New on LowEndTalk? Please Register and read our Community Rules.
High bandwidth usage from my backups
I have two of my VPSes which archive /var/www/ and a MySQL dump once a day, then I use another VPS to download them from the VPSes.
The backups together are about 500MB, and are downloaded once a day with SFTP so bandwidth usage should be ~15GB/mo?
But it's already used 50GB banwidth in 5 days.
One thing I noticed the other day, is that one one of the VPSes it pulls backups from, it had about 30+ SSH processes open and everything had crashed but that hasn't happened since.
Here's my backup script
sftp -P port [email protected]:/*.7z backups/site1/;
sftp -P port [email protected]:/*.7z backups/site2/;
and crontab is set to run it every 24 hours
Comments
Where are you seeing the 50GB usuage?
SolusVM
P.S. on the VPSes which are being backed up, when the backup script is run the old backup.7z is deleted first, then replaced, so it's not download 1 backup on day 1, 2 on day 2, 3 on day 3, etc..
Use rsync, not sftp. No need to transfer the same data day after day after day....
Transfer files + mysqldumps to the backup server with rsync, then build redundancy on the backup server instead of archiving things on the production servers.
but if something happens and everything gets deleted on one of the production servers, won't that remove everything from the backup server if it's sync'd?
Only the last scratch file, he's saying to archive on the backup server (thus only the scratchdir would be hurt otherwise.)
Not as bad as when one of my backup scripts went wrong...
Updated post to include an example.
Don't have the --delete flag on.
My recommandation is dont compress your backups before you send them to the backup server. And then use git or rsync and not sftp should be better. At least with git you will only send the diffed changes with rsync i never rember if it sends the file diffs or files that changed
ah cool, I will look into rsync
thanks guys.
Ouch, did you get charged overage fees?
Disagree
If you don't use the --delete flag, then your synced copy will contain files that were intentionally removed from the live site. When the time comes to restore from the backup (which it will) you'll be restoring those files, which should not be there. Endless confusion ensues.
Your rsync copy should be a mirror. New files are added, deleted files are removed, changed files are updated.

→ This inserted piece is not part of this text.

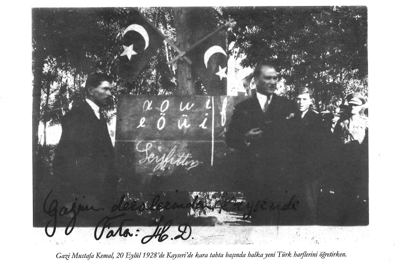 Көрмеге қойылған фотолар Ататүріктің өзі негізін қалаған екі ұйымның бірі «Түрік тарихы ұйымының» архивінен алынған екен. Астаналықтар мен қала қонақтарына көрмеде тарихи маңызы зор 40 фото ұсынылды. Фотосуреттер арасында көпшілікке таныс емес сирек суреттер де қойылған. Әсіресе, 1928 жылы 20 қыркүйекте Кайсериде түсірілген Гази Мұстафа Кемалдің жаңа латын әліпбиін тақтаға жазып, халыққа үйретіп тұрған фотосы көпшілік назарына ілікті.

To protect against loss or damage (e.g. a hacked site, or inadvertant user changes) you build redundancy on the backup server. So if the most recent backup (e.g. last night) is corrupt, damaged or missing files, you can fall back to a previous night.
You can build redundancy either by creating .gz archives (which is terribly wasteful of diskspace) or by using an app designed to do it efficiently, like rdiff-backup,
I just realised something, right now my backup method pulls a password protected archive from the other servers, so if it gets compromised that's the only thing they'll have access to.
If I use rsync, I'll need to have an account that has full read access to /var/www/ won't I? And the attacker will have access to every upload, config file and DB password (as well as a DB dump) on all of my servers.
To be honest the production servers are fine with the load, but it's still using a lot of bandwidth (used 27GB already since I made this thread)
Does anyone have any ideas why it's using so much bandwidth? Should I use rsync just for the backup archives instead of sftp? and if so, how can I set it up so the backup user is locked to it's homedir (right now I'm using this for SFTP - https://wiki.archlinux.org/index.php/SFTP_chroot)
Use authprogs to restrict what an SSH user can do: https://pypi.python.org/pypi/authprogs/0.5.1
Use duplicity over rsync for the encryption and the compression. Both function similarly in efficiency (duplicity uses rsync's diff library, but doesn't demand anything from the remote server). Think of it like a poor man's rsync. Then you can continue using sftp.
+1 for duplicity.
Another option is to use rdiff-backup if you are comfortable with hard link.
I just solved it, it was a stupid cron mistake.
I'm gonna look into these other methods too though, thanks everyrone.